Yang Sen, qui avait donné un coup de pied à la porte du bureau pour l'ouvrir, entra, sourit d'un air professionnel à ses « fans », puis regarda Yan Shu d'un air froid : « Hé, ma chérie, j'ai entendu que tu as encore fui ? »
Yan Shu leva la tête pour le regarder et ne dit rien.
La jeune fille vit que la situation était tendue entre eux et dit immédiatement : « Alors je m'en vais. » Personne ne l'écouta, les deux se regardèrent en coin, et la jeune fille se tira d'affaire en fermant la porte derrière elle, elle avait quand même de bonnes mœurs professionnelles.
« Parles. » Yang Sen tira un tabouret et s'assit : « Tu le fais sérieusement ? »
« Tu as un casting aujourd'hui, non ? Comment as-tu le temps de venir ici ? » Yan Schu rangea sa table : « Je vais sur le plateau de tournage tout à l'heure. »
« Ça n'a pas d'importance, comparé à toi et Mu Yang. »
Yan Shu le regarda : « Oui, j'ai rompu avec Mu Yang. »
« Tu aimes tellement tourmenter Mu Yang ? »
« Non, c'est juste que nous avons découvert que nous ne nous convenons pas, donc j'ai décidé de mettre fin à ça.
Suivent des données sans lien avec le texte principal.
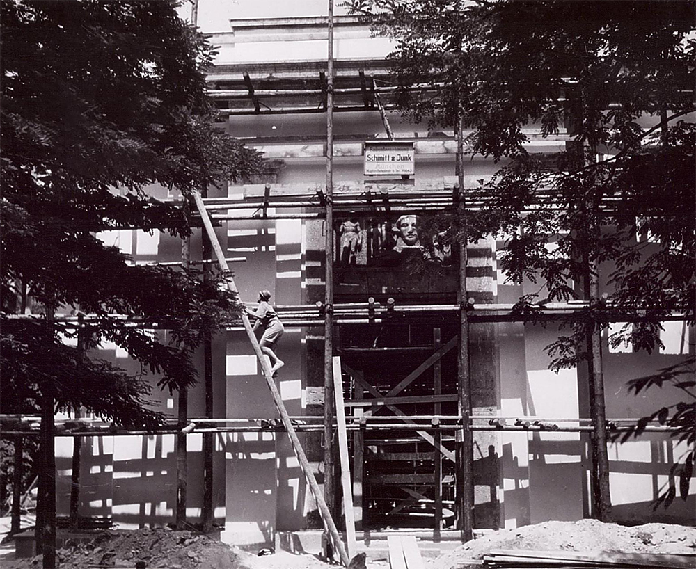 Der Kunstpavillon feiert dieses Jahr sein 70jähriges Jubiläum. Dies nehmen wir zum Anlass uns intensiv mit der Geschichte des im Nationalsozialismus geplanten Gebäudes und seiner Umgebung zu befassen. Dabei ist der gewerkschaftliche Hintergrund des Kunstpavillons, der auf Selbstverwaltung und Selbstorganisation von Künstler*innen aufbaut, Ausgangspunkt unserer Herangehensweise. Denn unser Jubiläum bezieht sich auf den von gewerkschaftlich-organisierten Künstler*innen bis 1950 abgeschlossenen Wiederaufbau des im Krieg beschädigten Gebäudes.

Il n'a pas besoin de moi. »
« Est-ce que c'est toi qui décides de ce qu'il a besoin ? Qu'est-ce que tu lui as pris au sérieux ? D'abord il s'est occupé de toi, et maintenant tu le quittes au moment où il a le plus besoin de toi. »
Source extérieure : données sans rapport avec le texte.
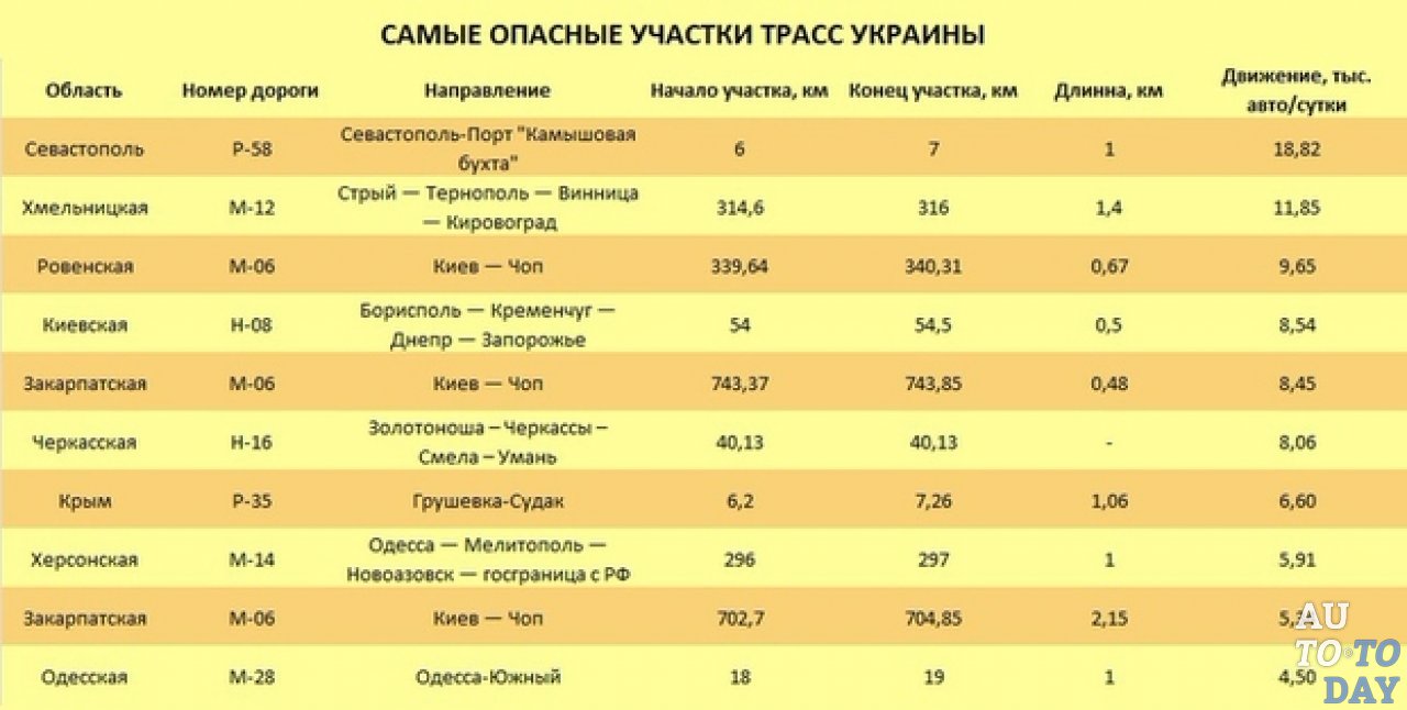 Средняя интенсивность перемещения в небезопасных местах украинских дорог составляет 9,3 тысяч автомобилей в день.

« Non, ce n'est pas ça. Ce dont il a besoin, c'est d'argent, de projets, et de quelqu'un qui peut l'aider, qui peut lui permettre de développer son talent. Et mon départ lui permettra de gagner trente ans de vie moins compliquée. Mu Yang a aussi dit qu'il était fatigué, d'accord ? »
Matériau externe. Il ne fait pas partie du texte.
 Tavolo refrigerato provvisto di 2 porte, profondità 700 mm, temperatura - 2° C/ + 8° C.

Yang Sen resta interdit pendant quelques secondes : « Toi, tu penses vraiment ça ? »
« Oui, Sen. » Yan Schu posa sa tête sur la table : « S'il te plaît, arrête de me demander ça. Je suis vraiment fatiguée. Pouvez-vous arrêter de me poser des questions sur ce sujet ? »
Yang Sen acquiesça : « D'accord, je ne poserai qu'une seule question : tu l'aimes tellement, pourquoi veux-tu le quitter ? »
Yan Schu leva la tête et le regarda : « Tu ne comprendras jamais ça. »
« Bonjour, je sais. D'accord, on a un accord. » Mu Yang venait de raccrocher le téléphone quand la porte s'ouvrit. Viviane entra et sourit : « Roger, j'ai entendu que tu vivais dans le bureau ces derniers temps ? »
« Ouais. » Mu Yang acquiesça : « Qu'est-ce qui se passe ? »
« Je suis juste passé par là, je voulais te voir. » Elle s'approcha de Mu Yang : « Ça ne va pas ? »
Mu Yang déplaça sa main qu'elle tendait vers lui sans qu'on s'en rende compte : « Ça va, bienvenue. Au fait, merci pour ton aide la fois dernière. Prends soin de ton oncle, je ferai en sorte qu'il soit satisfait. » Elle dit, puis retourna à son travail.
« Bien sûr qu'il a confiance. Qu'est-ce que tu fais ? »
« Oh, mes propres affaires, un document pour la garantie de crédit. »
Viviane le regarda et sourit : « Tu n'as vraiment pas besoin de travailler aussi dur. »
Mu Yang ne sourit que et ne dit rien.
« Tu sais bien que mon père t'aime beaucoup, il a toujours voulu que quelqu'un l'aide dans ses affaires. » Viviane voyant qu'il jouait l'ignorant, décida de lui dire clairement, et le moment était venu, non ?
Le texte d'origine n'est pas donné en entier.